Let’s use this new function to explore the relative importance of selection and drift. In this case, s >> 1/N.

p = 0.5
ngen = 100

N = 100
s = 0.4
h = 0.5

v_freq = sel_drift_fun(p, s, h, N, ngen)
plot(v_freq, type = 'l', col = "blue", ylim = c(0, 1), xlab = "generation", ylab = "allele frequency")

Let’s try weaker selection, where s ~ 1/N.

p = 0.5
ngen = 100

N = 100
s = 0.01
h = 0.5

v_freq = sel_drift_fun(p, s, h, N, ngen)
plot(v_freq, type = 'l', col = "red", ylim = c(0, 1), xlab = "generation", ylab = "allele frequency")

Let’s try running the simulations multiple times (like what we did for drift alone) and explore the trajectories.

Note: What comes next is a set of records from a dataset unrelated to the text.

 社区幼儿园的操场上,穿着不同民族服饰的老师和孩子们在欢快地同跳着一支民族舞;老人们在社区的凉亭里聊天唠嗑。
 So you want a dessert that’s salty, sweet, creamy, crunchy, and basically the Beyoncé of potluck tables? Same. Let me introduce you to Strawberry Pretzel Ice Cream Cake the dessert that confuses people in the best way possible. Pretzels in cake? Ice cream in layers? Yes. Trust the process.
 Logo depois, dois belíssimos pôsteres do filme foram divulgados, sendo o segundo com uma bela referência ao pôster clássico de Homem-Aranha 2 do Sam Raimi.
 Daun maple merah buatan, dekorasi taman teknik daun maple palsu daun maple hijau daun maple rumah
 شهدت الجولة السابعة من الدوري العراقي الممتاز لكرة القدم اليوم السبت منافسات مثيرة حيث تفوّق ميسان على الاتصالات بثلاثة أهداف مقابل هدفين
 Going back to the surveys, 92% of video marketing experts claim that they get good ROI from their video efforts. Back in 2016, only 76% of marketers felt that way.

For the case where s >> 1/N, do you think selection or drift dominates?

p = 0.5
ngen = 100
nrun = 10

N = 100
s = 0.4
h = 0.5


v_freq = sel_drift_fun(p, s, h, N, ngen)
plot(v_freq, type = 'l', col = "blue", ylim = c(0, 1), xlab = "generation", ylab = "allele frequency", main = "N = 100, s = 0.1")

for(i in 1:nrun-1){
  v_freq = sel_drift_fun(p, s, h, N, ngen)
  lines(v_freq, type = 'l', col = "blue")
}

For the case where s ~ 1/N, do you think selection or drift dominates?

p = 0.5
ngen = 100
nrun = 10

N = 100
s = 0.01
h = 0.5


v_freq = sel_drift_fun(p, s, h, N, ngen)
plot(v_freq, type = 'l', col = "red", ylim = c(0, 1), xlab = "generation", ylab = "allele frequency", main = "N = 100, s = 0.01")

for(i in 1:nrun-1){
  v_freq = sel_drift_fun(p, s, h, N, ngen)
  lines(v_freq, type = 'l', col = "red")
}

It is the relative scale of s and N that matters. Dirft would dominate for both N = 100, s = 0.01 and N = 1000, s = 0.001.

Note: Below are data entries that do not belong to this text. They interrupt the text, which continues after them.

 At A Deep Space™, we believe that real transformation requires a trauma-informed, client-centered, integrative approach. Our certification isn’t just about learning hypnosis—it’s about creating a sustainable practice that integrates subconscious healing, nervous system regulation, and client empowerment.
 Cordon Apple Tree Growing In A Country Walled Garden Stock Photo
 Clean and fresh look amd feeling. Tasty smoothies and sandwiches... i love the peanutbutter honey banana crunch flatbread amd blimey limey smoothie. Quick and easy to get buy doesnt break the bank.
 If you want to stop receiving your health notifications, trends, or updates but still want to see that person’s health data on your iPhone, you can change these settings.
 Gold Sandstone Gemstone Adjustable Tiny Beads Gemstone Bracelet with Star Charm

par(mfrow = c(1, 2))  #having two figures in one row

p = 0.5
ngen = 1000
nrun = 10

N = 100
s = 0.01
h = 0.5

v_freq = sel_drift_fun(p, s, h, N, ngen)
plot(v_freq, type = 'l', col = "red", ylim = c(0, 1), xlab = "generation", ylab = "allele frequency", main = "N = 100, s = 0.01")

for(i in 1:nrun-1){
  v_freq = sel_drift_fun(p, s, h, N, ngen)
  lines(v_freq, type = 'l', col = "red")
}



N = 1000
s = 0.001
omega2 = 1-s 

v_freq = sel_drift_fun(p, s, h, N, ngen)
plot(v_freq, type = 'l', col = "red", ylim = c(0, 1), xlab = "generation", ylab = "allele frequency", main = "N = 1000, s = 0.001")

for(i in 1:nrun-1){
  v_freq = sel_drift_fun(p, s, h, N, ngen)
  lines(v_freq, type = 'l', col = "red")
}

You may notice that how quickly the allele frequency changes differ between N = 100 and 1000, despite drift dominates both simulations. The time scale for drift depends on the inverse of population size: the expected time to fixation/lost of an allele due to drift is ~ 1/N. Accordingly, allele frequencies change with faster rate when N is smaller.